Over-The-Air Updates Raise Risks For Android Users

System updates are an important part of your Cyber Safety. But within the Android operating system, updates can also create security risks for Android users, including installing malware. Here’s how it happens.

Android is the most-used operating system ever, with more than 2.5 billion active Android devices. Part of Android’s success is due to the openness of the platform, which allows any device manufacturer to customize and deploy their own Android version.

Paradoxically, this open model has resulted in a poorly understood ecosystem of actors that play key roles at different stages of the Android supply chain. Platform updates are a particularly critical and highly privileged element of the Android ecosystem. Once a patch or a new Android version is released, each vendor needs to ship it over-the-air to their user base.

A Firmware-Over-The-Air (FOTA) app is the software responsible for downloading and applying these updates on the device.
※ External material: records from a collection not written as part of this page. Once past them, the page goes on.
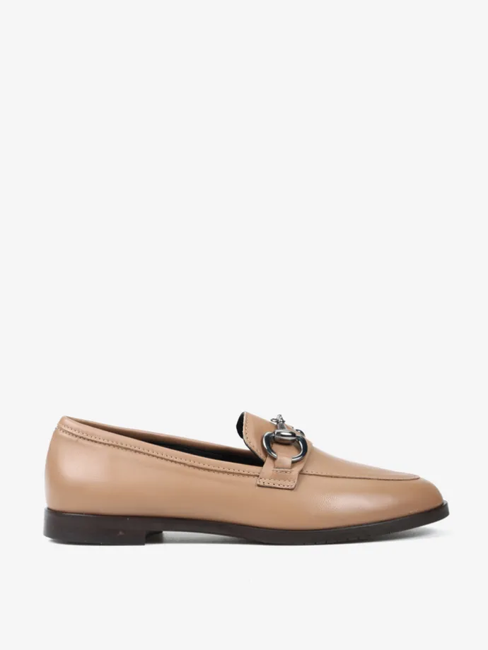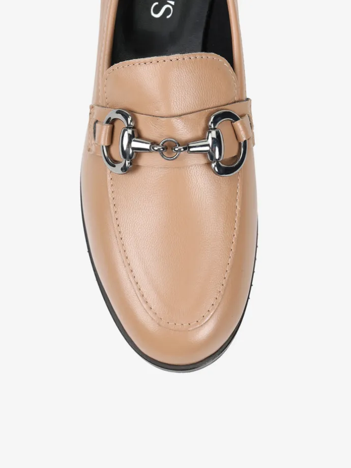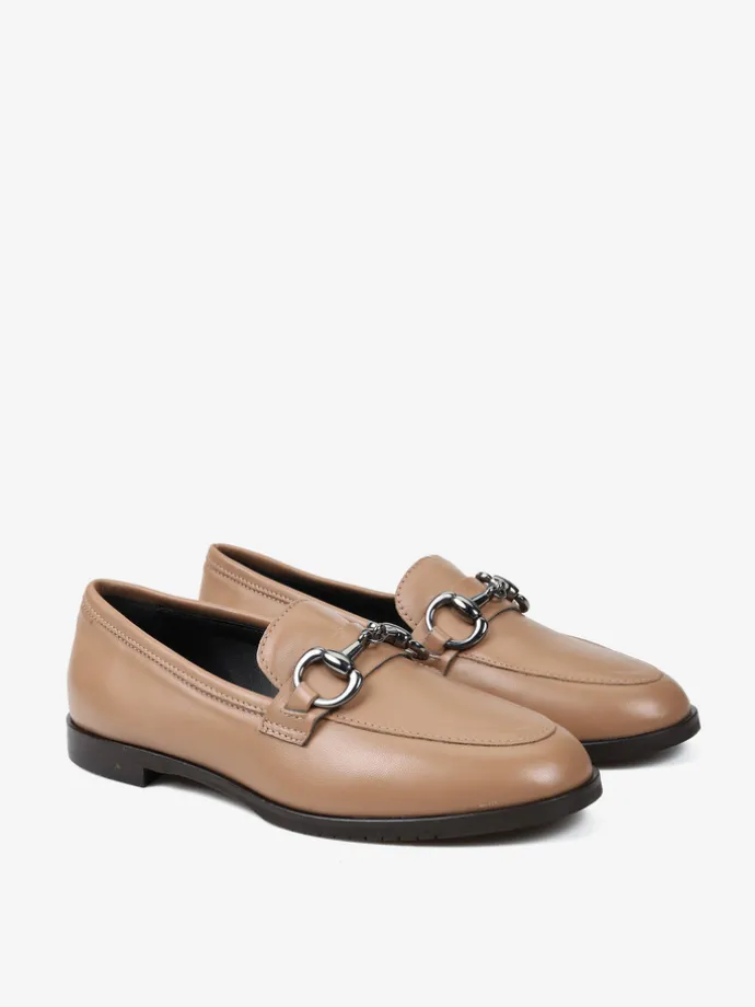 Mokasyny na płaskim obcasie wykonane są z włoskiej skóry naturalnej. Cholewka w kolorze taupe ozdobiona została wędzidłem. Wykonane z miękkiej i delikatnej skóry.
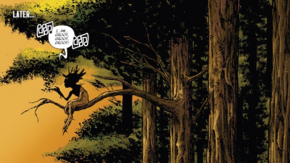 That was the reason I did it, to see if I could actually tell a story with those limitations. I actually in fact got cold feet and added some captions for place setting, but my original idea was that it would be a silent story and the only words in it were “I am Groot.” I was also very, very lucky to have Phil Jimenez, my old colleague, working on the art for that, and he did some very heavy lifting for me there. So, yeah, I think the “I am Groot” stuff really grew out of “Annihilation: Conquest” that we did after Keith’s “Star-Lord” mini.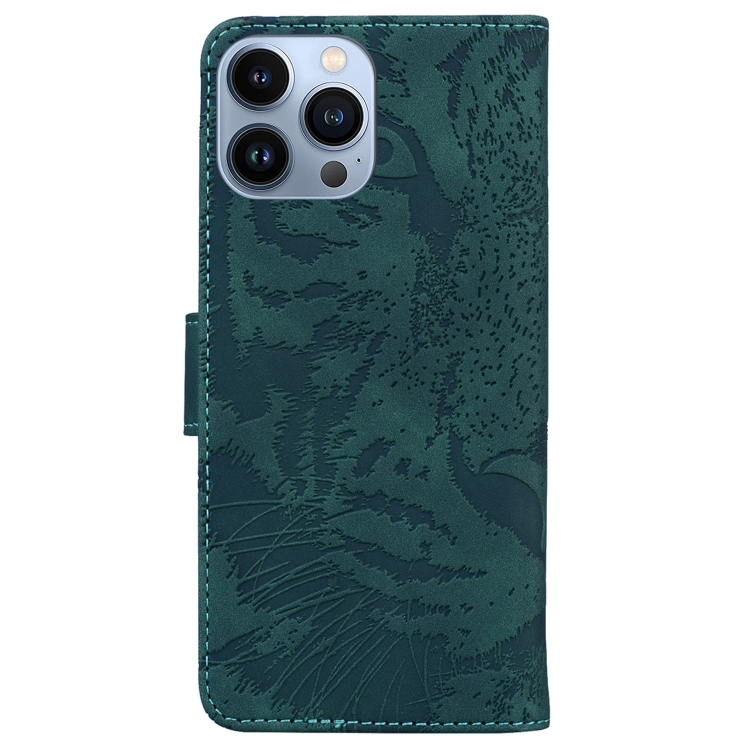 Funda de Teléfono iPhone 15 Pro Cuero Estampado Tigre En Relieve (Verde)

Due to the way that system updates are done on Android, FOTA apps need to operate with elevated privileges.

Despite the critical importance of FOTA apps, many aspects of them have been overlooked. A few examples:

• Who is responsible for system updates?
• What are the capabilities of FOTA apps and what information they collect?
• Can FOTA apps jeopardize the security and privacy of a device? 
• Are FOTA apps used for secondary purposes beyond system updates?

In a study led by Universidad Carlos III de Madrid, in collaboration with researchers from IMDEA Networks Institute, NortonLifeLock, and the International Computer Science Institute (ICSI), we sought answers to these questions by analyzing 2,013 FOTA apps collected from real world devices.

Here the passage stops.